Em declarações à agência Lusa, o secretário-geral da LPCC, Vítor Veloso, afirmou que "não faz sentido nenhum que num país tão pequeno" como Portugal haja diferenças no rastreio de base populacional do cancro da mama.

"Verificamos que no centro todas as mulheres estão rastreadas, no norte já estão 82% e o rastreio continua a correr muito bem e no sul a situação é desoladora, comparativamente com as outras regiões", disse o oncologista, sublinhando que a LPCC "não pode estar de maneira nenhuma alheia" a esta desigualdade.

Questionado pela Lusa sobre as razões desta situação, Vítor Veloso disse que LPCC tem feito "todo o possível e o impossível" para que houvesse da parte das respetivas Administrações Regionais de Saúde "a vontade de realizar esse rastreio" o mais rapidamente possível.

"A verdade é que tem encontrado uma série de impedimentos por parte das ARS e provavelmente de outras entidades que são alheias e estão interessadas, provavelmente, também em fazer esse rastreio", lamentou.

Para acabar com as desigualdades que existem nesta área, a liga vai lançar a petição "Pela Equidade no Acesso ao Rastreio, Diagnóstico e Tratamento das mulheres com Cancro da Mama" que, segundo Vítor Veloso, tem "uma abrangência muito grande".

"Pretendemos que seja criada em sede de Parlamento uma comissão no sentido de avaliar de modo quase permanente a situação da oncologia nacional e, num caso particular, gostaríamos de chamar a atenção para o problema do rastreio e tratamento do cancro da mama", explicou.

Entre os objetivos da petição, que pode ser assinada até 01 de fevereiro em www.ligacontracancro.pt , estão também a "garantia de que, em casos de suspeita clinicamente demonstrada, exista acesso em tempo útil a um serviço hospitalar com capacidade de diagnosticar e tratar os doentes".

"No nosso país, infelizmente, há hospitais que tratam devidamente os doentes e fazem tudo muito bem, há outros que vão fazendo mais ou menos e há outros que não fazem absolutamente nada.
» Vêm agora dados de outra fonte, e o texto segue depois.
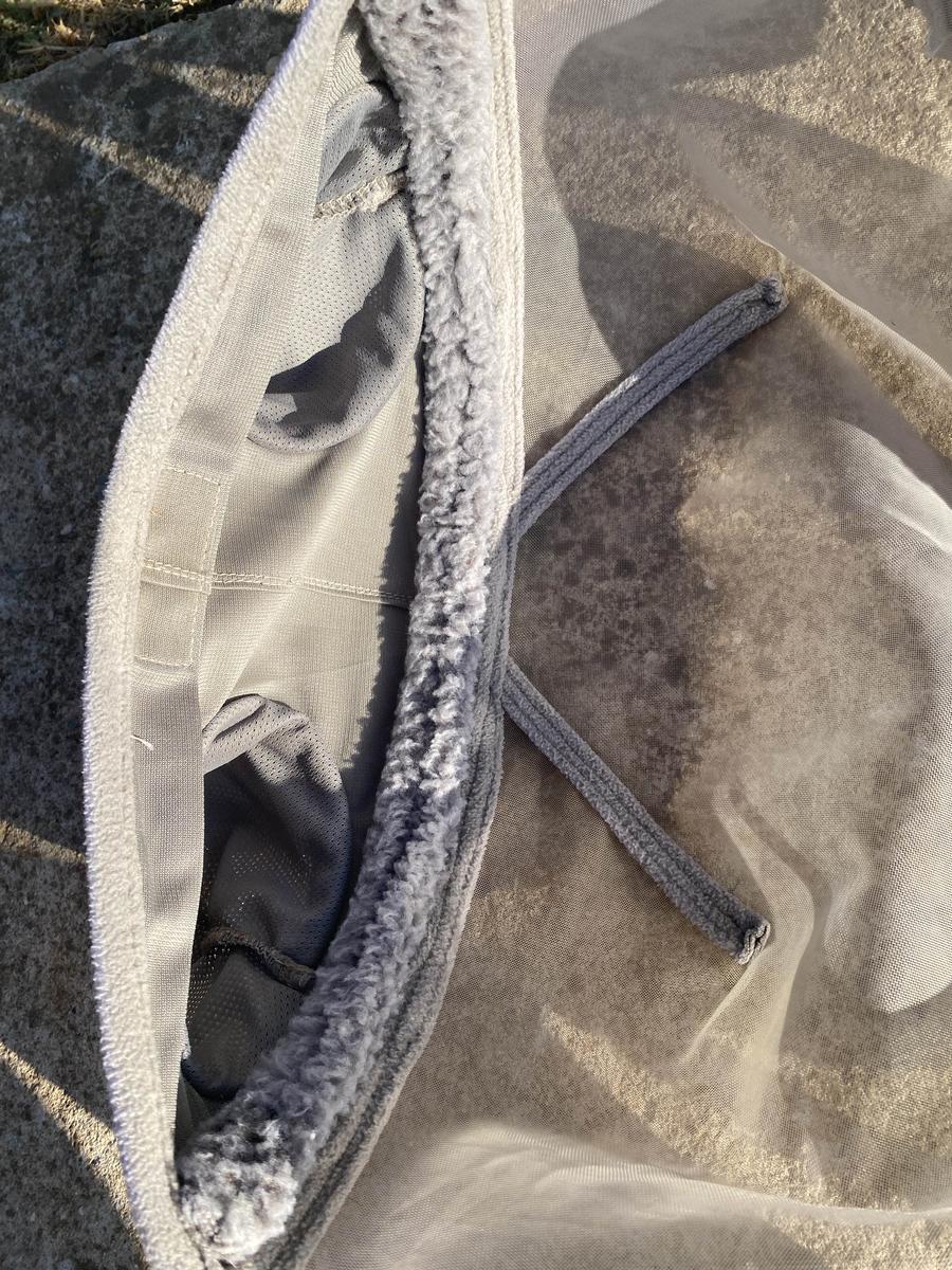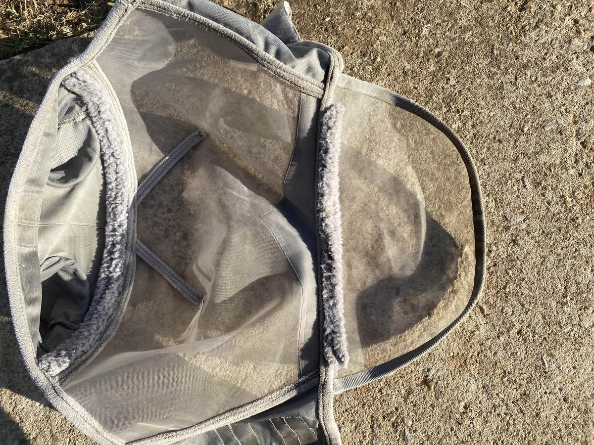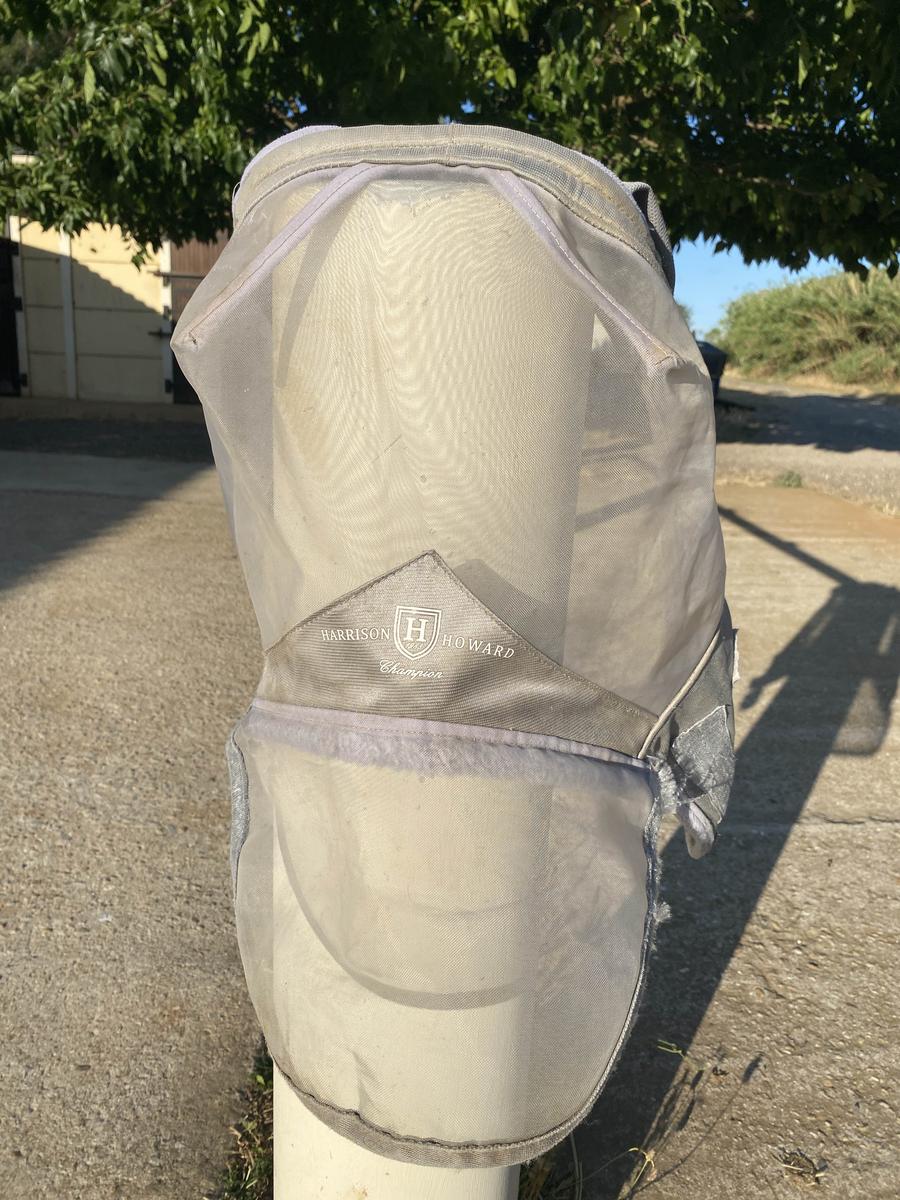 Masque anti-mouche, gris avec filet gris, avec protection pour le nez fixe. Taille cheval, marque Harrison Howard. Utilisé un été seulement, un accrochage sur le côté gauche du rabat pour le nez et quelque tâche du à la couleur de la terre. Mais sinon en très bon état nettoyer sur les photos, peut encore énormément servir

Isto não pode acontecer", frisou Vítor Veloso, considerando que, do ponto de vista constitucional, esta situação "não é legal".

A petição, que será entregue na Assembleia da República em fevereiro, tem como embaixadores figuras públicas como Ana Garcia Martins, Adelaide de Sousa, Ana Rita Clara, Cláudia Semedo, João Moleira, Ricardo Araújo Pereira, Tony Carreira, Vanda Miranda e Vera Kolodzig, que apelam à colaboração dos portugueses para chegar às 50 mil assinaturas.

Vítor Veloso está convicto de que este objetivo vai ser atingido, porque a população "compreende que não pode haver desigualdades deste género no campo da oncologia".

"A população portuguesa deve ser tratada da mesma maneira", ter acesso igual aos rastreios, mas também ao diagnóstico, ao tratamento e a "medicamentos inovadores e eficazes".

Atualmente, surgem 6.000 novos casos de cancro da mama por ano, 16 novos casos por dia. Em 2014, foram realizadas mais de 279 mil mamografias a nível nacional, através do programa de rastreio da LPCC.